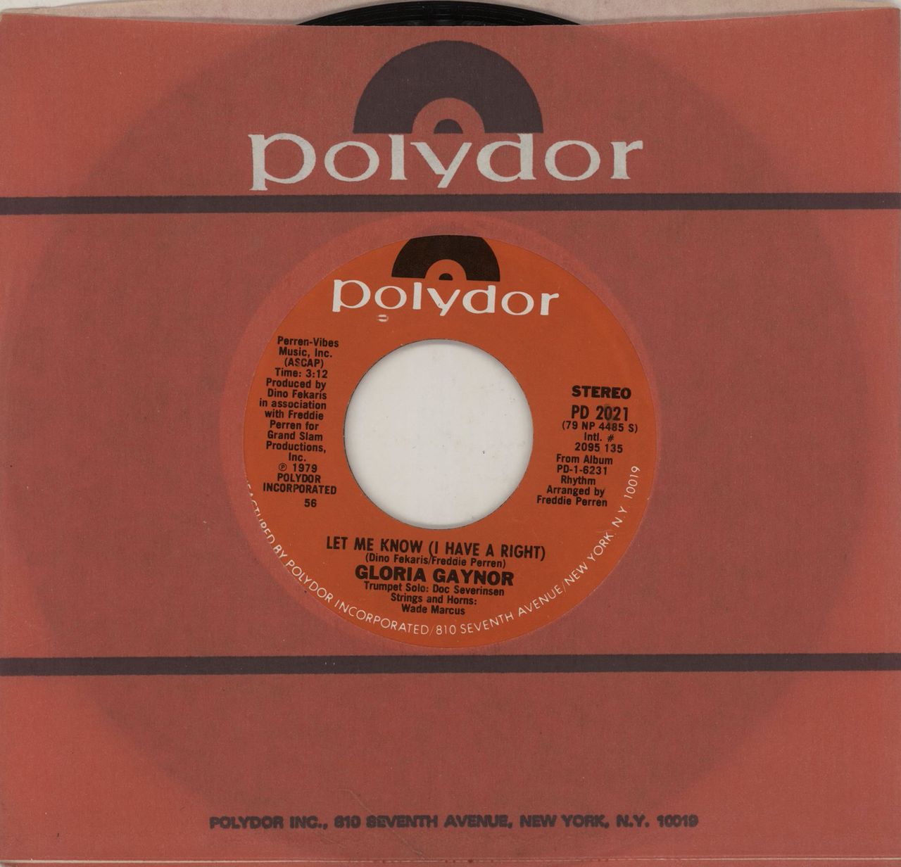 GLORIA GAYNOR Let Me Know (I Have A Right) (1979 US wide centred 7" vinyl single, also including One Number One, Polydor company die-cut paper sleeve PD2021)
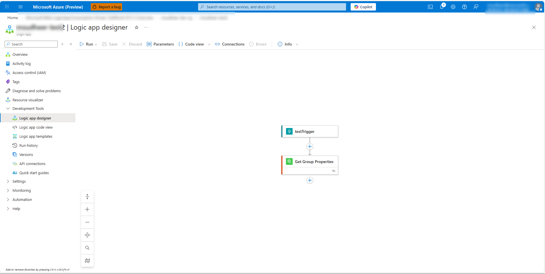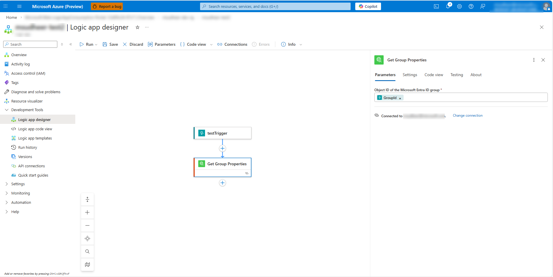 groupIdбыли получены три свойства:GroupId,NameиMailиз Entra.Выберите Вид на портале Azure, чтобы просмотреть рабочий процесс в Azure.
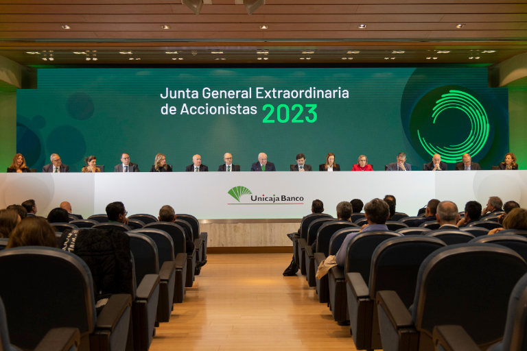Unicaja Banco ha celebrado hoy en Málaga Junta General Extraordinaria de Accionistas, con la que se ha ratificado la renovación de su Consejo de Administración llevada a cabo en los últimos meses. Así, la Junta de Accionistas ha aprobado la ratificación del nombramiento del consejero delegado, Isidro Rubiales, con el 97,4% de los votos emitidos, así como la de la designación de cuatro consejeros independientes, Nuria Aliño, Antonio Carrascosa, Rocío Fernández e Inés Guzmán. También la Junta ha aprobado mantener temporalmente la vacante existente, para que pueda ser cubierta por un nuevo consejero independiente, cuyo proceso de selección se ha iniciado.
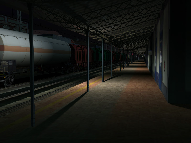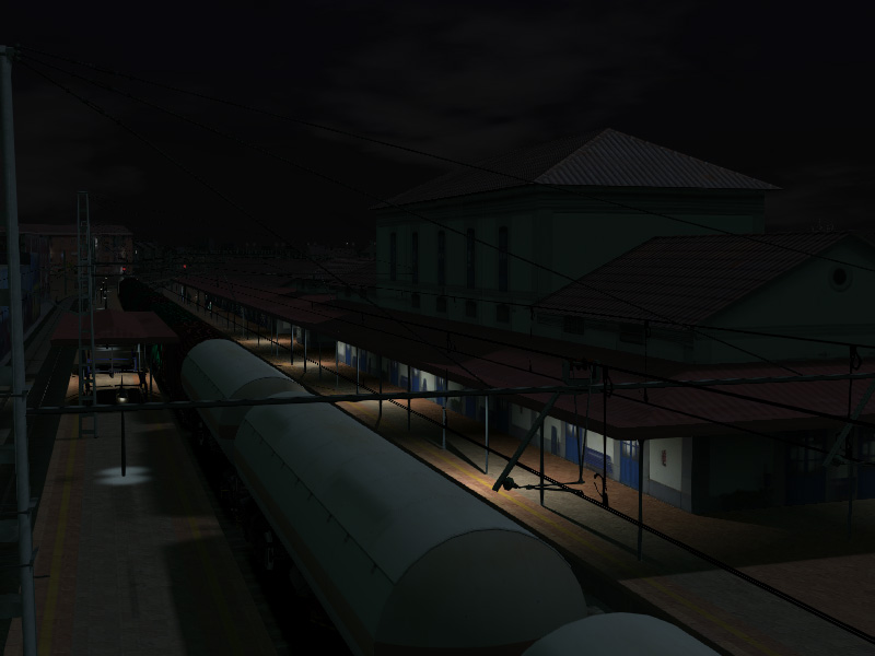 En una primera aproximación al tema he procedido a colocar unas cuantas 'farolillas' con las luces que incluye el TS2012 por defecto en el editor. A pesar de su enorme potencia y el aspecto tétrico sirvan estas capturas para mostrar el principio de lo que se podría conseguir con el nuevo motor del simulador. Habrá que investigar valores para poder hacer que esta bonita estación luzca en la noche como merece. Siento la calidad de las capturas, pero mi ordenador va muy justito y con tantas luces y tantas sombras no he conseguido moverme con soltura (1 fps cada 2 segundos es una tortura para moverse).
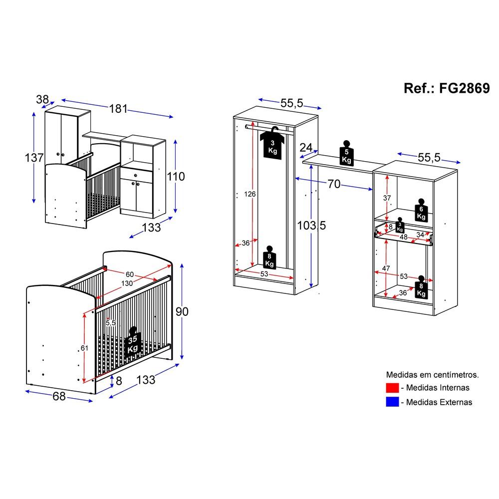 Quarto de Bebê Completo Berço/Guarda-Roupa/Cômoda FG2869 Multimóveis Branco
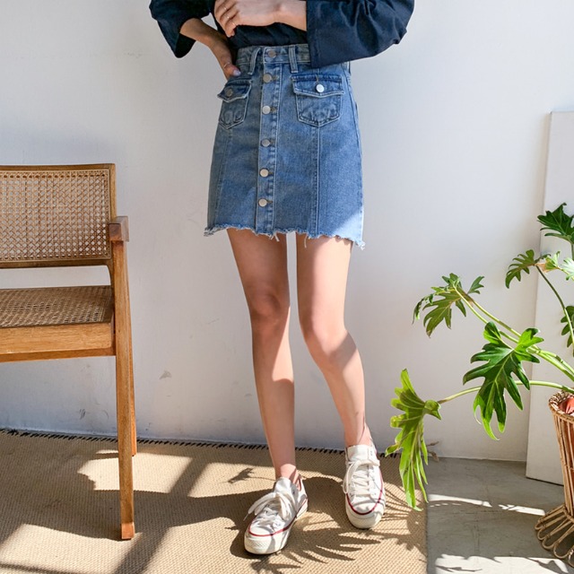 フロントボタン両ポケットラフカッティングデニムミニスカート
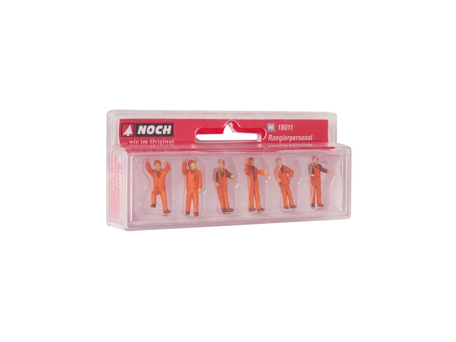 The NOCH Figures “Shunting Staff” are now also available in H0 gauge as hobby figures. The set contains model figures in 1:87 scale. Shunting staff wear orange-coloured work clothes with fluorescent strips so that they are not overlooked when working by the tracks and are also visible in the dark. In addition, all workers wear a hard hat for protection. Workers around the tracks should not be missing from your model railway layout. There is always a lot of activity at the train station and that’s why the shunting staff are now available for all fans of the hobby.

::::::::::

**Try it**
Exactly the lines from the top of the listing through the line holding "groupIdбыли получены три" should be repeated, with pictures left out.

**Your solution**
 GLORIA GAYNOR Let Me Know (I Have A Right) (1979 US wide centred 7" vinyl single, also including One Number One, Polydor company die-cut paper sleeve PD2021)
 groupIdбыли получены три свойства:GroupId,NameиMailиз Entra.Выберите Вид на портале Azure, чтобы просмотреть рабочий процесс в Azure.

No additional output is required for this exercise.